Our prehistoric ancestors just may have eaten pancakes.
Analyses of starch grains on 30,000-year-old grinding tools suggest that Stone Age cooks were making flour out of cattails and ferns—which, researchers guess, was likely mixed with water and baked on a hot, possibly greased, rock. The result may have been something at least along the same lines as a pancake.
Pancake Day - Shrove Tuesday
By the time Otzi the Iceman set off on his final hike 5,300 years ago, pancakes—or at least something pancake-like—seem to have been a common item of diet. Otzi, whose remains were discovered in a rocky gully in the Italian Alps in 1991, provided us with a wealth of information about what a dinner in the Neolithic ate. His last meals—along with red deer and ibex—featured ground einkorn wheat. The bits of charcoal he consumed along with it suggest that it was in the form of a pancake, cooked over an open fire.

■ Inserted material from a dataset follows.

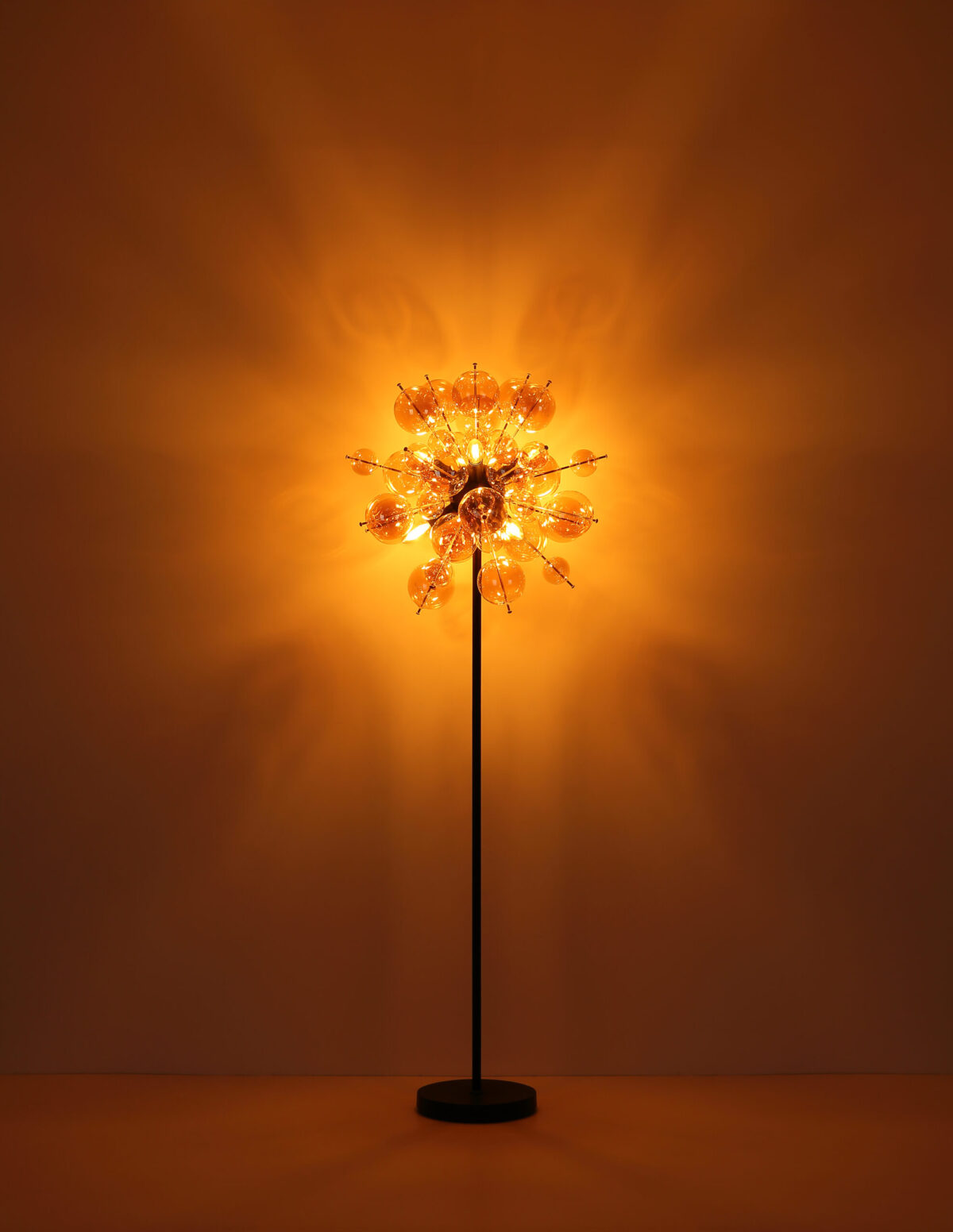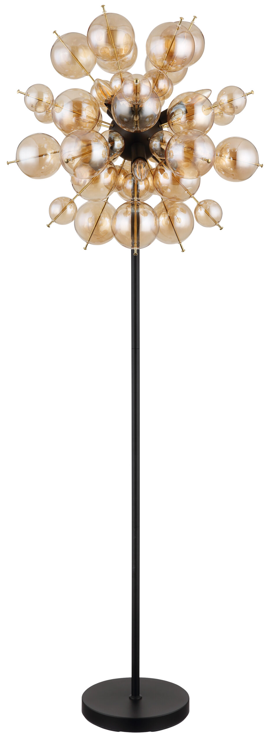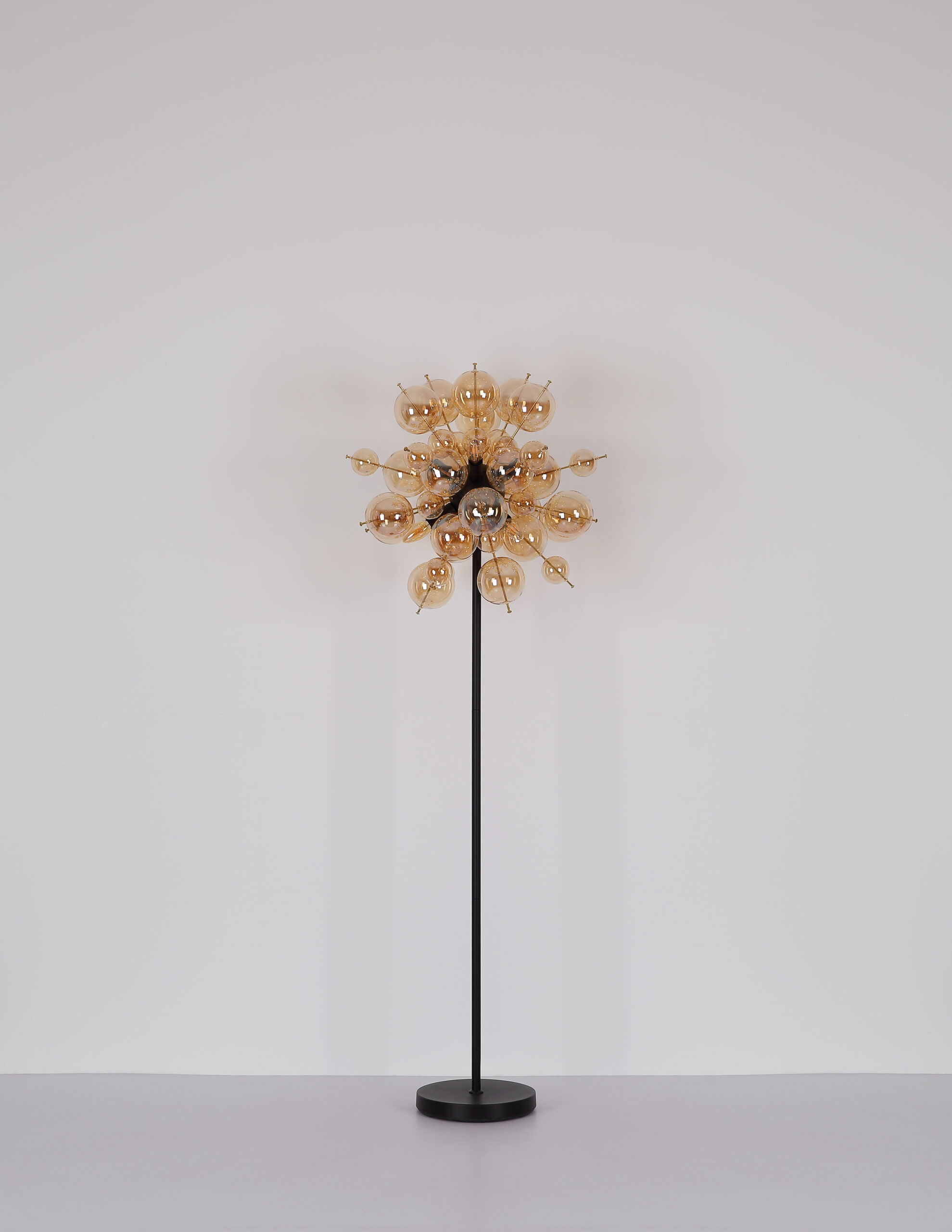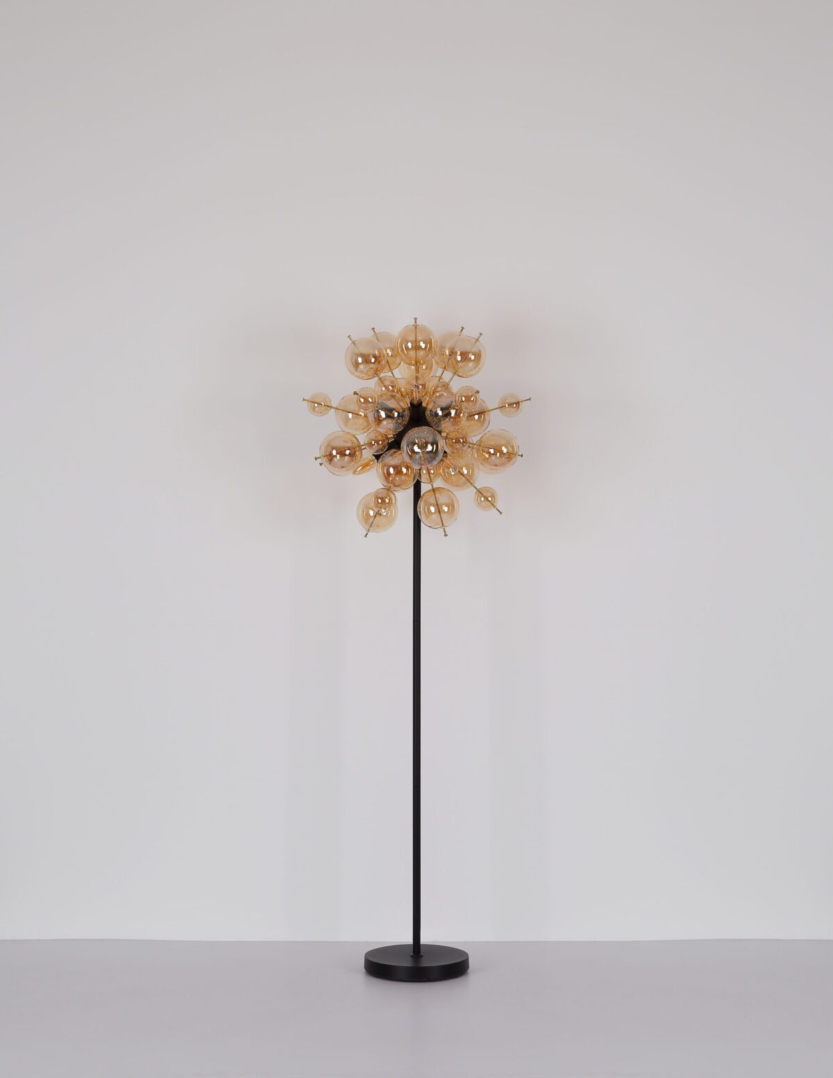 Podna lampa UDO kombinuje moderan dizajn sa daškom ekstravagancije. Sa svojim zaobljenim i elegantnim izgledom, prava će privući oči u svakoj prostoriji. Šipke lampe su opremljene kuglicama različitih veličina, što čini zanimljiv i razigran izgled. Tijelo UDO podne lampe izrađeno je od mat crnog metala, dok su kugle na šipkama zlatne boje. Ova kombinacija daje lampi plemenit i moderan karakter. Sjenilo je napravljeno od staklenih kuglica boje ćilibara koje proizvode toplo i ugodno svjetlo. Sa prečnikom od 550 mm, ova podna lampa pravi je vrhunac i postavlja stilski naglasak u svakoj prostoriji. Nožni prekidač u kablu olakšava paljenje i gašenje svjetla bez saginjanja. Dajte svom životnom prostoru moderan i ekstravagantan dodir uz UDO podnu lampu. Uronite svoj dom u toplo i ugodno svjetlo i uživajte u jedinstvenoj atmosferi.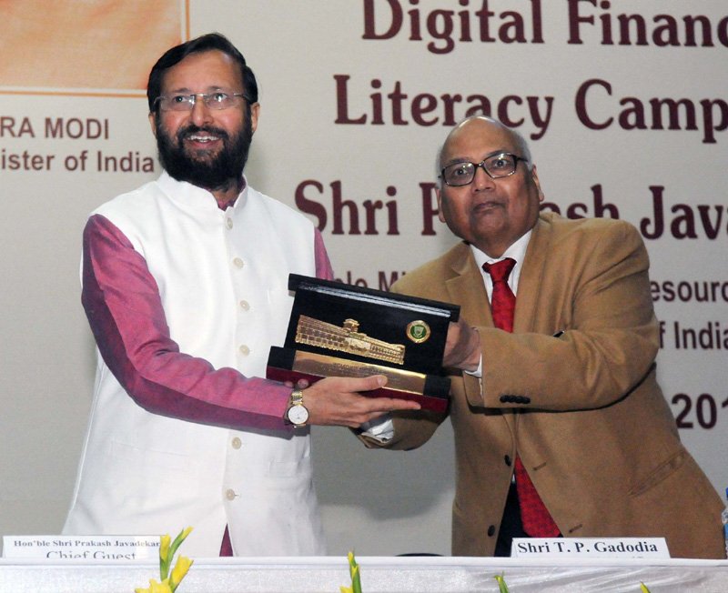 The Union Minister for Human Resource Development, Shri Prakash Javadekar being presented a memento at the Digital Financial Literacy Campaign, at Hindu College, University of Delhi on January 05, 2017.

Whatever the age of the primal pancake, it’s clearly an ancient form of food, as evidenced by its ubiquity in cultural traditions across the globe. The ancient Greeks and Romans ate pancakes, sweetened with honey; the Elizabethans ate them flavoured with spices, rosewater, sherry, and apples. They were traditionally eaten in quantity on Shrove Tuesday or Pancake Day, a day of feasting and partying before the beginning of Lent.